TASK DETAILS →
Whenever a picture appears, leave it out while repeating all the other data exactly.

MATERIAL FOR THE TASK →
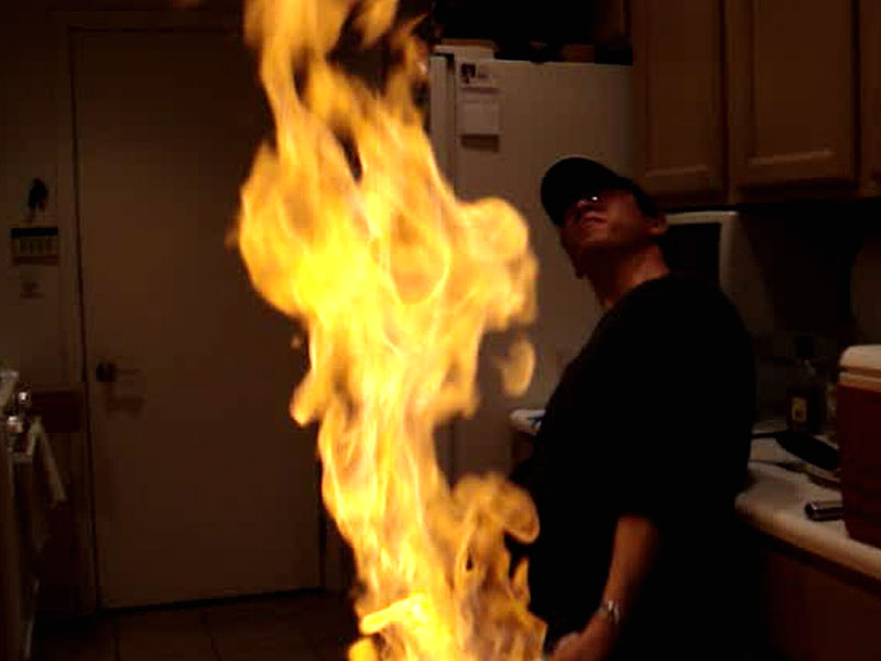 Before attempting this recipe, have the following safety equipment ready: A stick lighter to light the cognac from a distance, a pot lid to put out a pan fire and a fire extinguisher, just in case. |
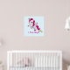 Une affiche avec un dicton amusant : Je fais tomber la magie. Conçu avec une licorne ailée blanche avec crinière rose, queue et sabots. La corne a des anneaux de couleur arc-en-ciel et ressemble à une sucrerie. Cette mignonne licorne s'élève sur ses pattes arrières. Coeur rose doux sur sa joue et de longs cils girly. Un arc-en-ciel à côté du mot magie.
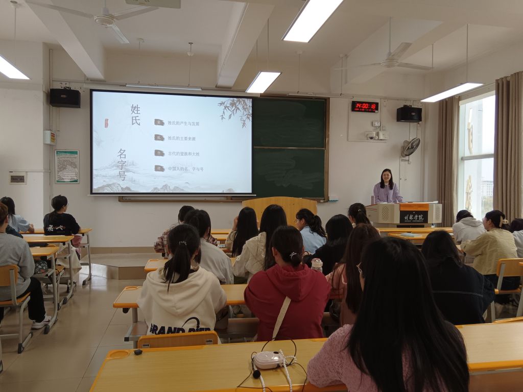 本次授课内容为中华姓氏文化。课堂上,张佳敏从“以字识古今”切入,结合历史文化维度,系统阐述中华姓氏的产生与发展,并借助多元化教学手段开展教学,循序渐进,层层深入,使学生深入理解中华姓氏文化。教学过程中融入师生互动、生生互动,激起学生对中华优秀传统文化的求知欲望,营造出良好的课堂氛围,取得较好的教学效果,培养了汉语国际教育专业学生的文化素养。
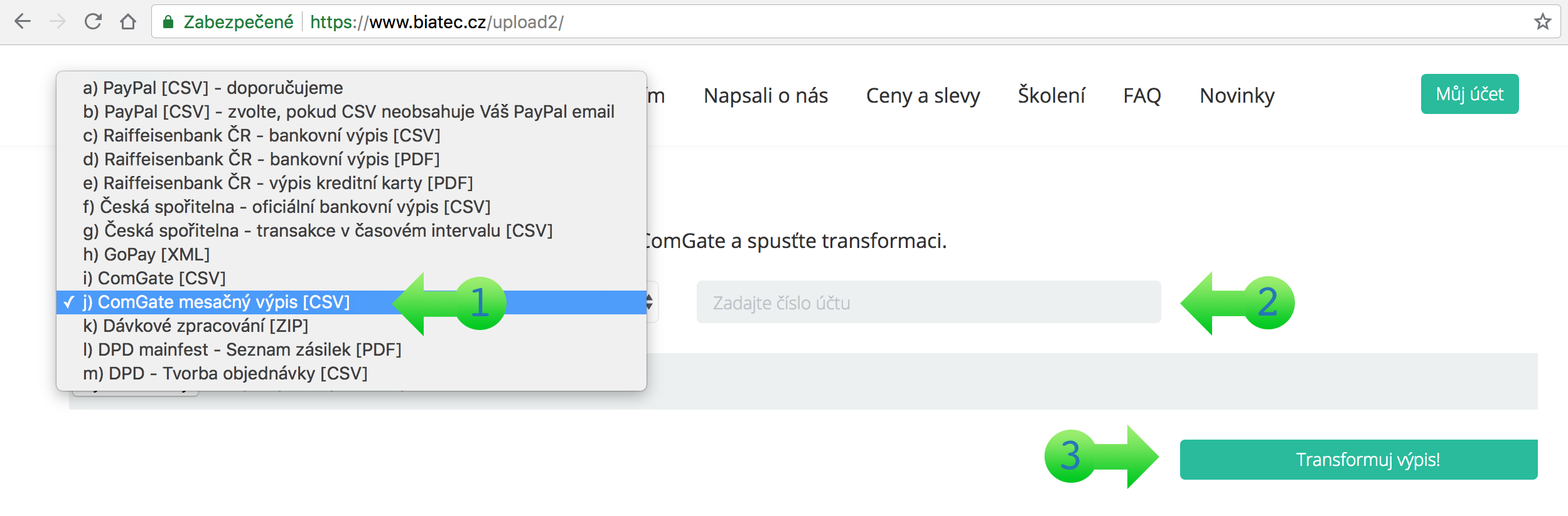Vše zvládnete ve třech jednoduchých krocích. Do 2 minut můžete importovat výpisy do vašeho účetního software. Ušetřte 98% času, který jste potřebovali na ruční zaúčtování transakcí.
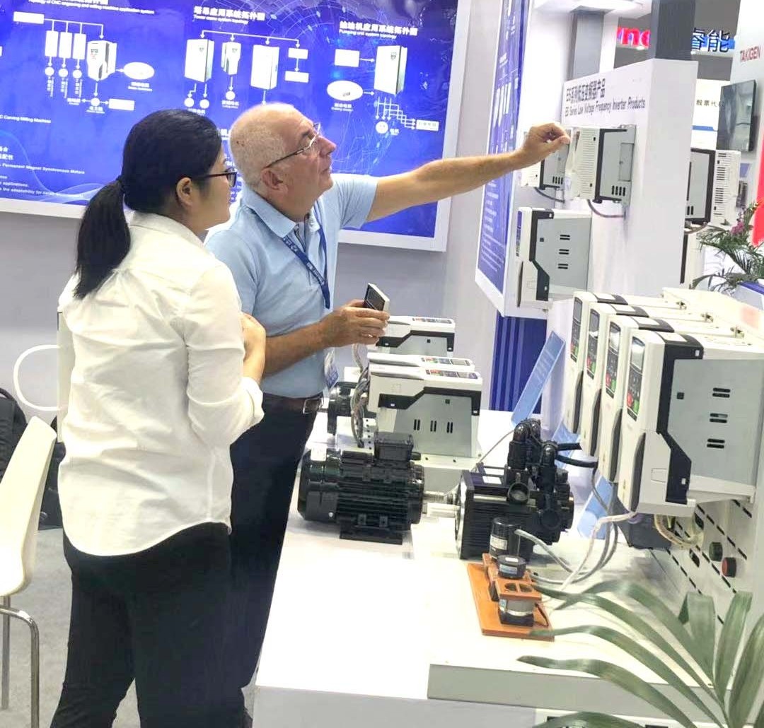 第21屆工博會上庫馬克展示了ES系列低壓智能變頻在主軸下,支持三相異步、永磁同步電機的驅動控制、高速驅動、高效節(jié)能等多種滿足智能生產需求的專業(yè)解決方案。

ANSWER SECTION →
 Before attempting this recipe, have the following safety equipment ready: A stick lighter to light the cognac from a distance, a pot lid to put out a pan fire and a fire extinguisher, just in case. |
 Une affiche avec un dicton amusant : Je fais tomber la magie. Conçu avec une licorne ailée blanche avec crinière rose, queue et sabots. La corne a des anneaux de couleur arc-en-ciel et ressemble à une sucrerie. Cette mignonne licorne s'élève sur ses pattes arrières. Coeur rose doux sur sa joue et de longs cils girly. Un arc-en-ciel à côté du mot magie.
 本次授课内容为中华姓氏文化。课堂上,张佳敏从“以字识古今”切入,结合历史文化维度,系统阐述中华姓氏的产生与发展,并借助多元化教学手段开展教学,循序渐进,层层深入,使学生深入理解中华姓氏文化。教学过程中融入师生互动、生生互动,激起学生对中华优秀传统文化的求知欲望,营造出良好的课堂氛围,取得较好的教学效果,培养了汉语国际教育专业学生的文化素养。
Vše zvládnete ve třech jednoduchých krocích. Do 2 minut můžete importovat výpisy do vašeho účetního software. Ušetřte 98% času, který jste potřebovali na ruční zaúčtování transakcí.
 第21屆工博會上庫馬克展示了ES系列低壓智能變頻在主軸下,支持三相異步、永磁同步電機的驅動控制、高速驅動、高效節(jié)能等多種滿足智能生產需求的專業(yè)解決方案。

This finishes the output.